One thing I think Rick rip off that poor seller.And the way Rick spined the chronometer like a top should not be allowed to touch a clock.They have a web site now that chronometer is for sell on it.If any mod. see this can I post the auction post of it. It also has a clip of the show showing that poor seller getting took.It's still a live auction.But forum member's who did not see the show will see a small clip of it.


----------



## river rat

Janne said:


> Riverrat, that is a serious collection you have!!


 Thanks Janne


----------



## river rat

Well here is a link to the Hamiton model 21 that is for sell with a clip of the sell from the show for forum member that don't live in the state's it a cool show to watch these guy's do there work in a pawn shop it's there whole family just there dads in the clip.
http://history.auction.seenon.com/viewitem.php?item=1598&SESSID=6b0c2047d42486d3a3279a874af716b6


----------



## YOHOHO

Wow river rat....those are jaw dropping...


----------



## pompe

I am amased by the idiots that walk into that shop ! He usualy clearly says to them "well if it works its worth xxxx$ but i can give u xxx$" Take the thing to a watchmaker yourself and have it checked out !

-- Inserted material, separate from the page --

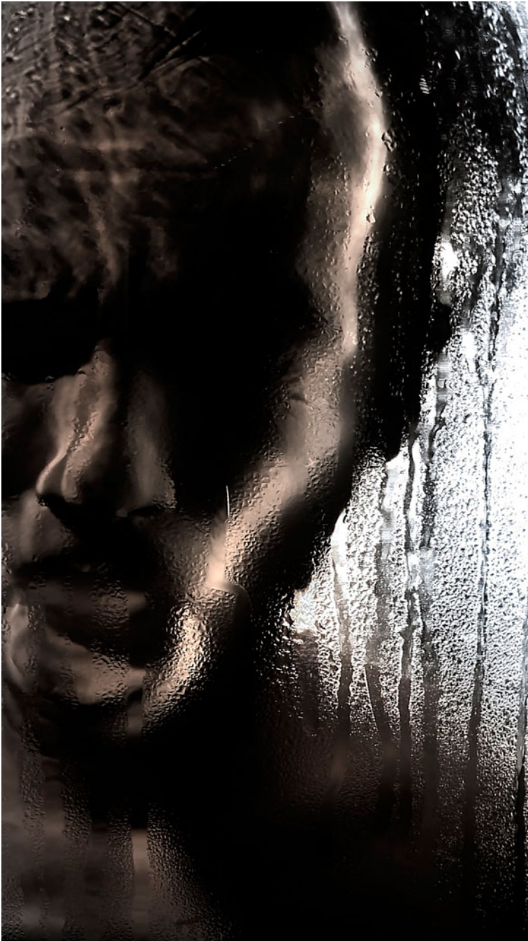
Figure 9. Christine Borland, NoBodies , (Detail) Choking Charlie , 2009, Film Still, 10 minute loop, monitor.

And when they say "well at an auction 10k but i can offer u 5k" i vould take it to the auction set a lowest price of 5k and if it dont sell go back to the pawn shop

But i guess when in las vegas people might feel the need for fast cash.


----------



## midshipman01

pompe said:


> But i guess when in las vegas people might feel the need for fast cash.


And that's exactly why pawn shops exist, in any location. People either don't have the time or the desire to go through the process of selling at auction. They just need dough. It's probably not even as bad a deal as it seems. It wouldn't be entirely out of the question for a seller to lose 20% after listing fees and the auction house cut. Or worse, their item might never sell for anywhere near the estimate and they've basically got nothing. A lot of this stuff is only worth what someone is willing to pay.

At least the shop owners are clear about it. They straight out tell the people that there's no way they'll get retail money because the shop has to clear a profit. They're not a retail buyer. Most sellers probably understand this before going in. Or, they should if they've ever heard of a pawn shop before.


----------



## John MS

river rat said:


> One thing I think Rick rip off that poor seller.And the way Rick spined the chronometer like a top should not be allowed to touch a clock.They have a web site now that chronometer is for sell on it.If any mod. see this can I post the auction post of it. It also has a clip of the show showing that poor seller getting took.It's still a live auction.But forum member's who did not see the show will see a small clip of it.


How did he rip off the seller (poor or otherwise)? The borrower/seller could just walk away. :-s

In the real pawn shop world most customers don't have many other alternatives and the pawn shop owner has to build in a healthy margin in case the collateral has to be sold. Thus he cents on a dollar price. Given the number of truly amazing stories on that show I wonder how many of these "customers" are really shills. Said another way it's probably as real as the many other reality shows on television.


----------



## midshipman01

I wonder about that as well. I do know that pawn shop has been rather famous for quite some time because it has such interesting items. I'd seen it on TV at least 10 years back. 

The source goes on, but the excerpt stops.